[Data excerpts]
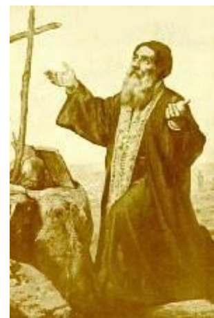
Saint Maron, pray for us!

Please share this newsletter with your mail list of family, friends, and parish members.
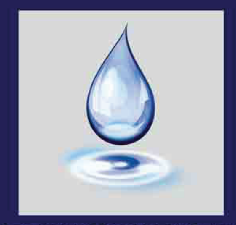
97% REDUCTION IN CHOLERA CASES SINCE EARLY 2011
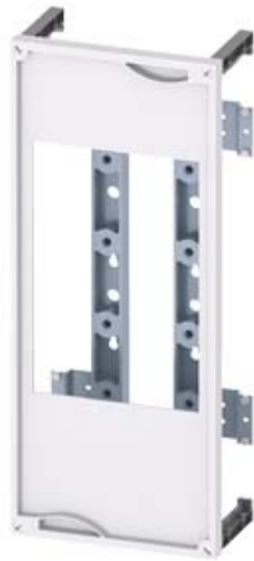
ALPHA 630 DIN, ASSEMBLY KIT F. 4-IN-LINE FUSE SWITCH DISC.N 3NJ4 SZ.00, H=600 W=250
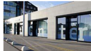
Ärztzentrum Solothurn 2012/2018
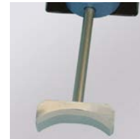
Padded Radiused Probe
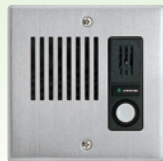
IE-JA Stainless Steel faceplate Flush mount
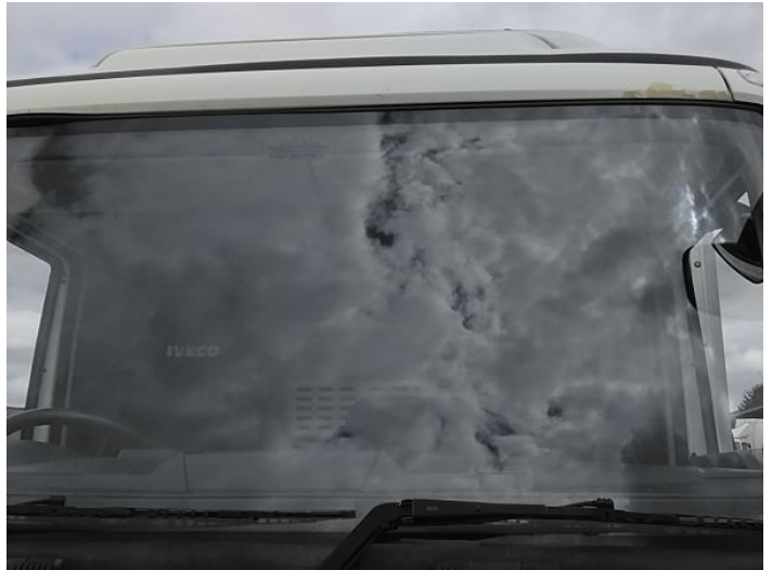
4: Screen Front Chipped UpTo 10mm
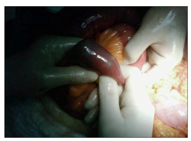
Fig. 1. Occluded ileum segment.

but other parts of GI tract can be involved including the stomach, duodenum, jejunum, and ligament of Trietz. Stone impaction at the colon is uncommon (0.5-3%) (1, 13, 14). In previous studies, the mean stone size was found to be 3.5 cm and commonly single (6, 15). Reisner and Cohen (7) reviewed 1001 cases of gallstone
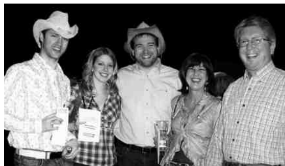
Guests laugh and enjoy casual conversation while browsing through 150+ silent auction items

Proceeds from this event will go towards renovations and purchasing new equipment to improve onsite day-programming areas.

[TASK OBJECTIVE]
Repeat, with no pictures, each line from the beginning of the data through the line containing "ALPHA 630 DIN, ASSEMBLY", inclusive.

[THE COMPLETED TASK]
Saint Maron, pray for us!

Please share this newsletter with your mail list of family, friends, and parish members.
97% REDUCTION IN CHOLERA CASES SINCE EARLY 2011
ALPHA 630 DIN, ASSEMBLY KIT F. 4-IN-LINE FUSE SWITCH DISC.N 3NJ4 SZ.00, H=600 W=250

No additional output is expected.